There’s a popular saying that “the colour of money is green”. I never really understood it, but I think it means that all investors are the same. I disagree. We have always had investors who passed the “beer test” for us. We have always picked investors who liked us as people (and vice versa). I always think about a fair deal that keeps both parties’ interests in mind. Sometimes investors who are used to negotiating fail to see the fairness in a deal. Sometimes they ask for a lot of data that we don’t look at during the normal course of business. At times it got to a point where you had to say: “We really don’t have the time. We have a business to run, and this is what we have. Now it’s up to you to make a decision on whether you want to invest in us or not.” Investors should want to work with you for more than just returns on their invested capital. Only when every investor’s interest is aligned to the team’s interest, can you build enduring companies which stand the test of time.

Marketing & Sales lessons

Create a great product, and marketing will take care of itself. For instance, Alex Ferguson, who managed Manchester United from 1986 to 2013, lists in his book, Leading, three of the most underrated, but most important things you can do — listening, watching and reading. Learn to be observant, listen intently, and soak up everything — doing this does not cost anything. Big companies that have been around for a while do things in a certain way for some very solid reasons. Understand what they do, change or discard what doesn’t fit your organisation’s DNA, and implement what makes sense.

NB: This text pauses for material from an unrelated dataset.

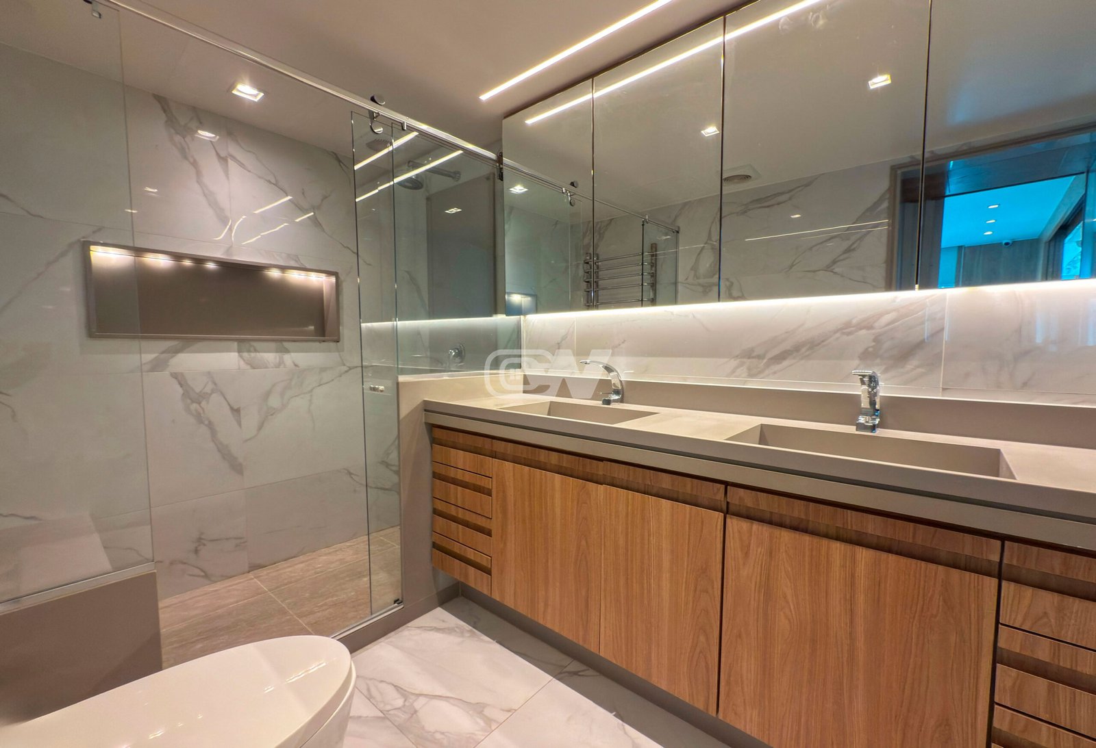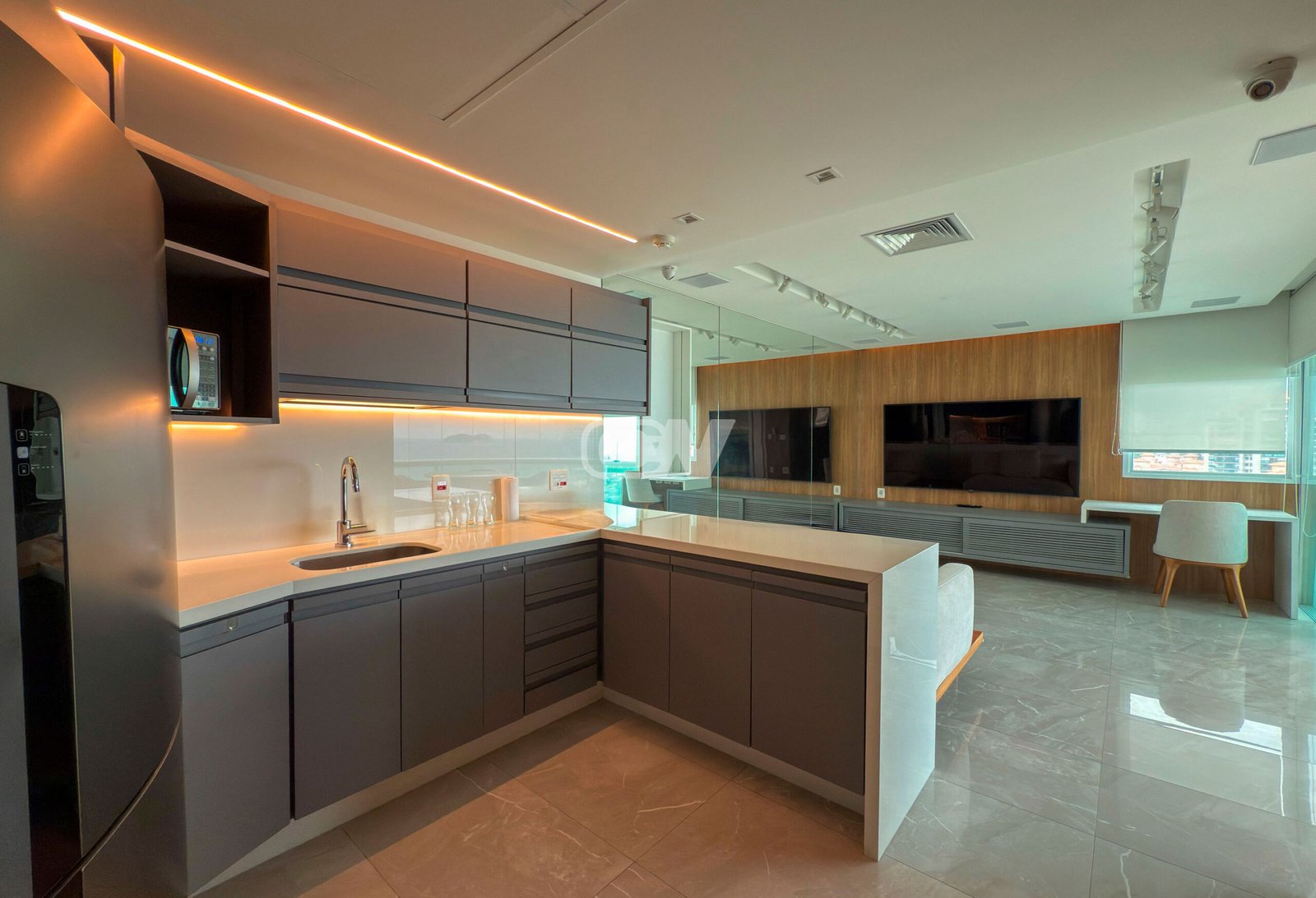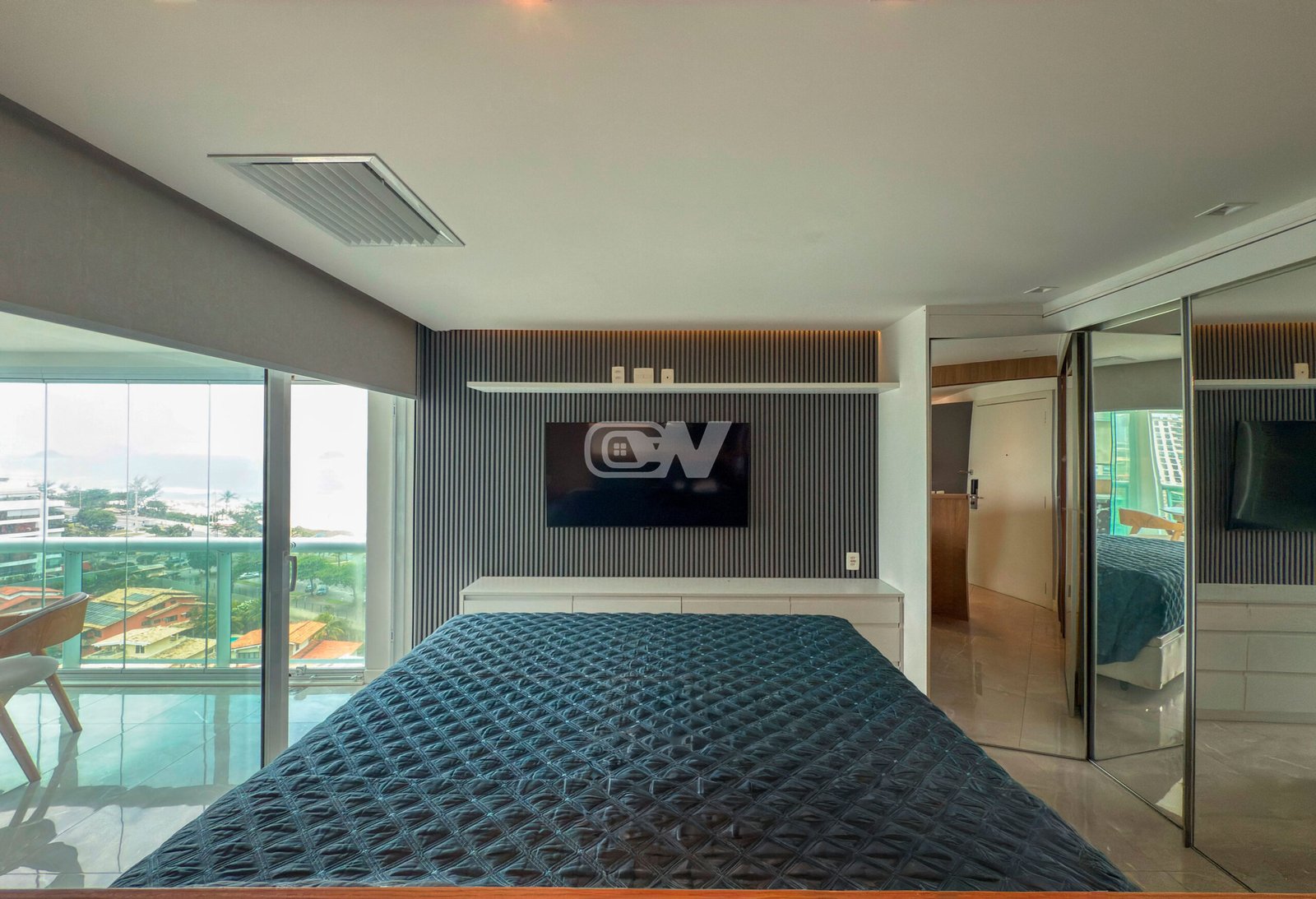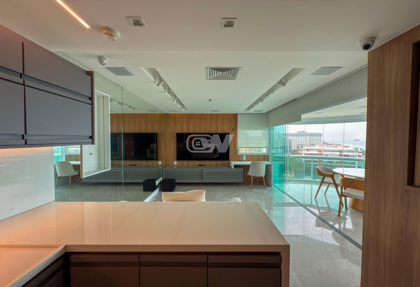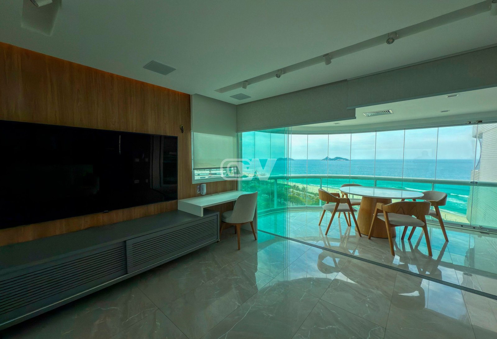 VARANDA COM VISTA MAR, SALA COM PISO EM PORCELANATO, AR CONDICIONADO, COZINHA PLANEJADA E SUITE COMPLETA.

When Did You Think You Had Arrived?

The thought has never crossed my mind. I think I am okay at keeping such “ego boosting” thoughts away from myself because I am sure they will only produce bad outcomes for me and everybody around me. In other words, I’d never want to ‘arrive’ — I just want to be.

Riding Through Toughest Times

We have lived through many ups and downs through the way — something not every company has the privilege of living long enough to do. The most recent and tough time for all of us has been the pandemic. The entire Zomato ecosystem, however, rose to the occasion. Our delivery partners bravely took on the responsibility of supplying essentials and food to people’s doorstep as frontline workers. At times, achieving success also involves taking hard calls — about your business, and your people. It’s easier said than done, but if you know it’s the right thing to do, bite the bullet and do what needs to be done. Even if it means hurting your short-term targets (like revenue or traffic), you should never hesitate to hit the reset button and start afresh with the right folks. And if you are doing that, remember — tough times don’t last, tough people do.

What Next?

Back in 2015, only 40% restaurants did home delivery. We want to take that number up to 90% — there’s still a long way to go before we can actually say we have changed the way India eats.

Covid-19 has accelerated the growth of food delivery in India. We have street vendors, dhabas, home kitchens, five-star restaurants signing up with us to help them with the last-mile delivery and reach more customers. We have always looked forward to milestones that pave the way for greater success, visions that are larger than life and an organisation that builds a better future for generations to come. The next level is to live up to that future by building a sustainable enterprise, which is as much climate conscious as it is successful.